For an institution to depart from the standards of general critical opinion in forming a collection is a risky business. The success of the exhibit depends on the artistic and photographic judgment of the organizer of the show. M.I.T. took the risk, trusting in the photographic vision of their resident photo-genius, Minor White.
While White's choice of photographs may not satisfy everyone, he has constructed a unified exhibit of pictures that is effective on two different levels. On a purely visual level each photograph is a pleasing two-dimensional arrangement of lines and shapes, of tones and patterns. But nearly every picture in every exhibit has this quality. Many exhibits then go on to comment on some phase of human life, or of man's environment, or of nature. In such exhibits the photographers present their individual statements, which the viewer can then either accept, deny, or ignore.
The photographs in Light make no statements. They present situations into which the viewer must insert himself. In order for the photographs to succeed, the viewer has to work with them. He must allow himself to move into the world in the photographs, a world where his dream-memories and visions become the realities.
These photographs are not simple, though the visual elements are basic--a hillside, a bathtub, a mirror. The few people in these pictures are not really individuals. You've seen them all before, though you don't really remember where.
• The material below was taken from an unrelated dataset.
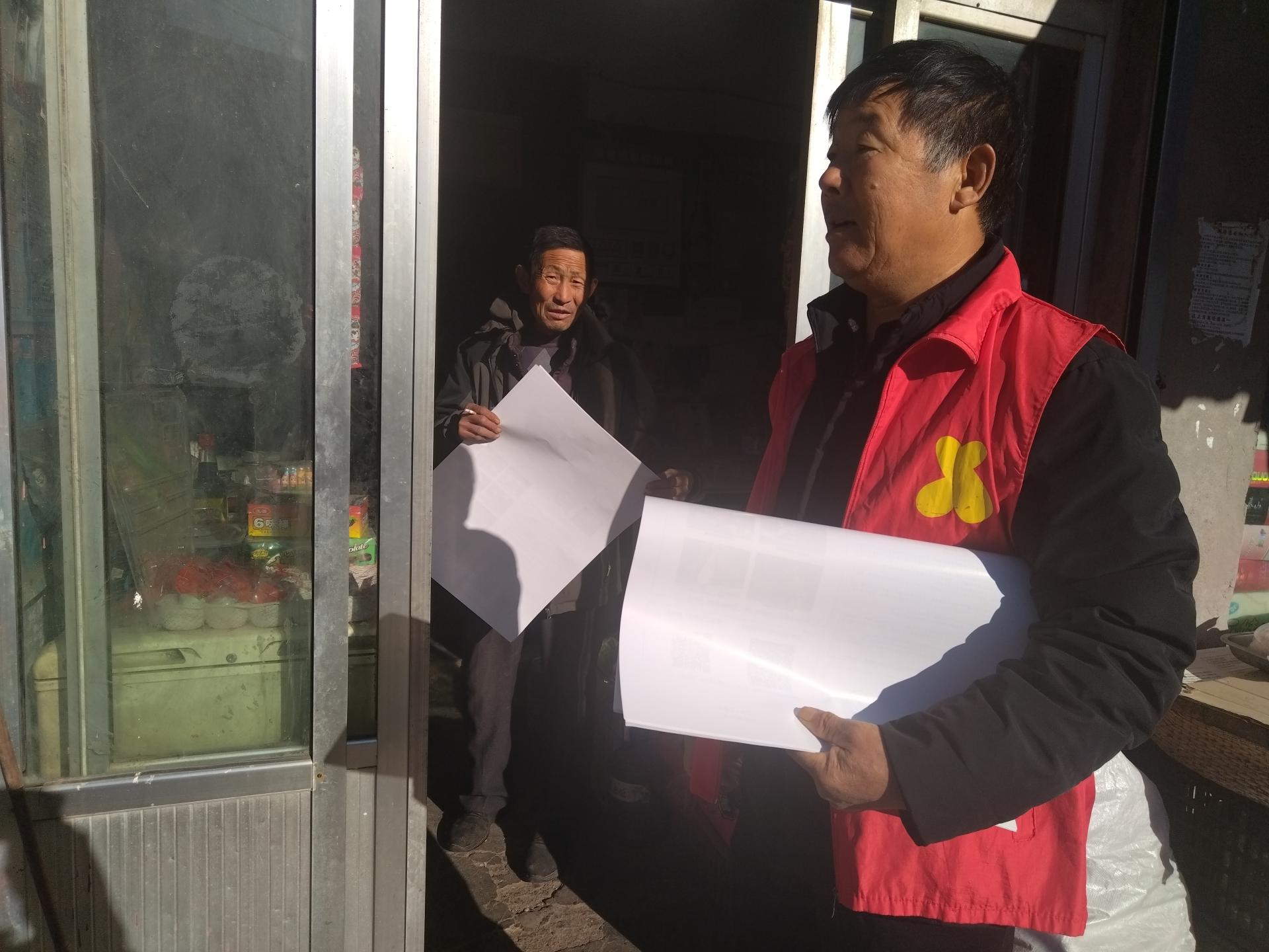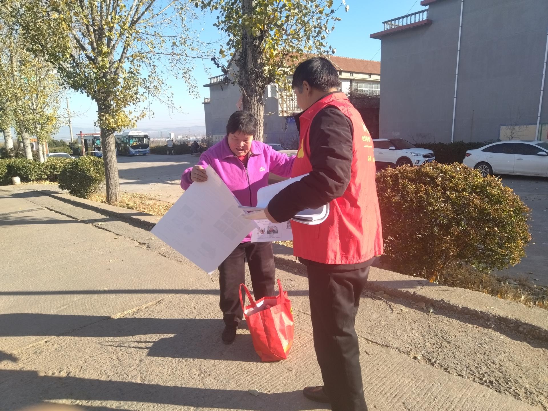 新泰市小协镇陈角峪村爱心志愿服务活动,陈角峪爱心志愿者协助村内工作人员入户宣传一氧化碳志愿服务活动。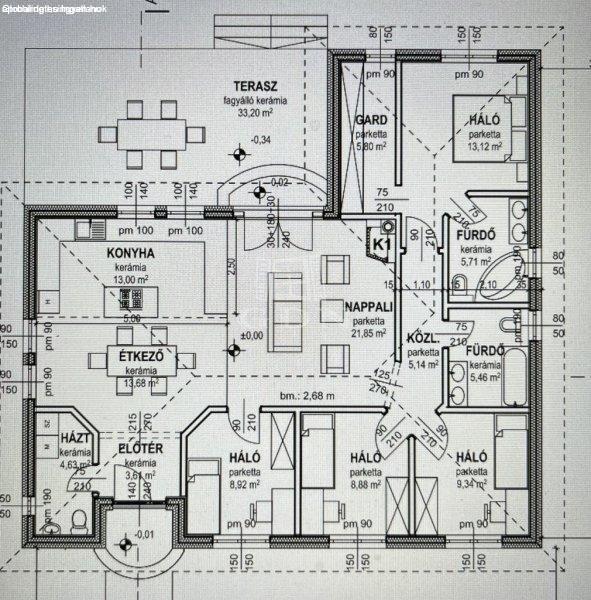 (plusz egy lakóegység építhető rá)- ház 135nm- 4 szoba, amerikai- konyhás

They are people composed of emotions. They're a part of you, torn from you, turned into silver and pasted onto a piece of paper.
The title Light is supposed to symbolize seven different roles that light can play in a photograph. Each of these roles is described in notes that appear in the catalogue of the show. But don't bother reading the notes; they merely undercut the photographs. Go and see the photographs. They speak articulately for themselves.